Only two blocks away was the Reading Outlet Center, a collection of stores in what once was a hosiery factory. The Reading Outlet Center opened in 1973 in a cluster of five former factory buildings. In 1984, the center was acquired by Charles T. McMurtrie, who doubled the center to 10 buildings.

Reading Outlet Center

The Reading-area outlet centers in 1986 lured more than 4 million shoppers who spent $340 million. In 1989 more than 300 outlet stores in six complexes in and around Reading attracted more than 6 million visitors a year. Shoppers spent $250 per visit and outlet revenues were $975 million.

In 1991, Reading was officially named the "Outlet Capital of the World." The phrase was registered with the U.S. Patent & Trademark Office.

The outlet industry reached maturity in the late 1990s.The number of outlet centers nationwide leaped from 142 in 1988 to 329 in 1996. By 2005 the number of outlet malls sagged to 225.

In 1996 a three alarm arson fire, out of control for more than four hours, destroyed the former Great Factory Store in the 1100 block of Moss Street. The building was vacant since July 1985.

After thriving for years with 70 stores, the Reading Outlet Center had fallen on hard times. By 2002, only 20 stores remained. Tour bus traffic trickled in at the rate of about 10 to 20 buses per weekend, compared with about 100 at the center's peak. By 2004, Reading Outlet Center was down to one tenant, Old Navy.

In 2016 the Shuman Development Group completed converting the former Reading Outlet Center building no. 10 at 702 N. Eighth St. into a retail and apartment building. The building, listed on the National Register of Historic Places, was opened in 1904 as the Curtis, Jones & Co. shoe factory. It was then used as part of the Reading Outlet Center from 1974 to 2001. When redevelopment was 65% complete, a two alarm arson fire occurred on October 18, 2014, severely damaging the 2nd and 6th floors, and roof. The fire damaged fabric was removed, the structural system was reevaluated, and the project was completed in December 15, 2016.

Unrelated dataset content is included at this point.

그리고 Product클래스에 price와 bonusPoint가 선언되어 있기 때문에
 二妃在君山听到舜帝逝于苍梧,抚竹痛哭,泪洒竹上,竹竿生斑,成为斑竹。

Curtis, Jones & Co. Shoe Factory

In October 2017 developer Alan W. Shuman was issued a permit by the city to begin the demolition and redevelopment of the building known as Reading Outlet Center One at 801 N. Ninth St. The rundown interior of the massive structure at 801 N. Ninth St. is rich in history. The original owner, Nolde & Horst Co., started making hosiery there around the start of the 20th century. Nolde & Horst went out of business around 1954. The total demolition and renovation project includes demolishing the northeast section and the entire stretch along North Ninth Street. The redevelopment plan includes 80,000 square feet of retail space. The $12 million project also includes 110 parking spaces and two retail pad sites. The project is scheduled to be completed as soon as the end of 2018.

Nolde & Horst Co.

In 2001, the VF Outlet Center was still getting an estimated 5 million visitors a year. That year it was voted the top U.S. shopping destination by the American Bus Association, with about 6,000 buses traveling to the center in a year. With more outlet centers opening in other places the VF Outlet Center became less of a regional draw. In December 2016, with only about a third of its retail space leased, the VF Outlet Center was sold to Equus Capital Partners. Constructed in the early 20th century, the site started as the home of the Berkshire Knitting Mills, which employed thousands of people. At its peak, from the 1920s through the 1950s, it made more women's full-fashioned stockings than any other plant in the world. The knitting mills and related textile operations formed the backbone of the early development of Wyomissing, which has since become a regional hub of business activity. The borough still thrives long after it ceased to be a center of industry.

Berkshire Knitting Mills

In November 2017, work began on transforming the VF Outlet Center into a mixed-use retail and business complex. Redevelopment plans include the demolition of approximately two-thirds of what is known as the Blue Building and all of what is now the Red Building. When completed in 2018, the campus, with UGI Energy Services as the anchor tenant, will house retail shops, boutiques and restaurants, and will feature walkways, benches, street lights and greenery. The VF Outlet itself will eventually move into the Designers Place across Eighth Avenue.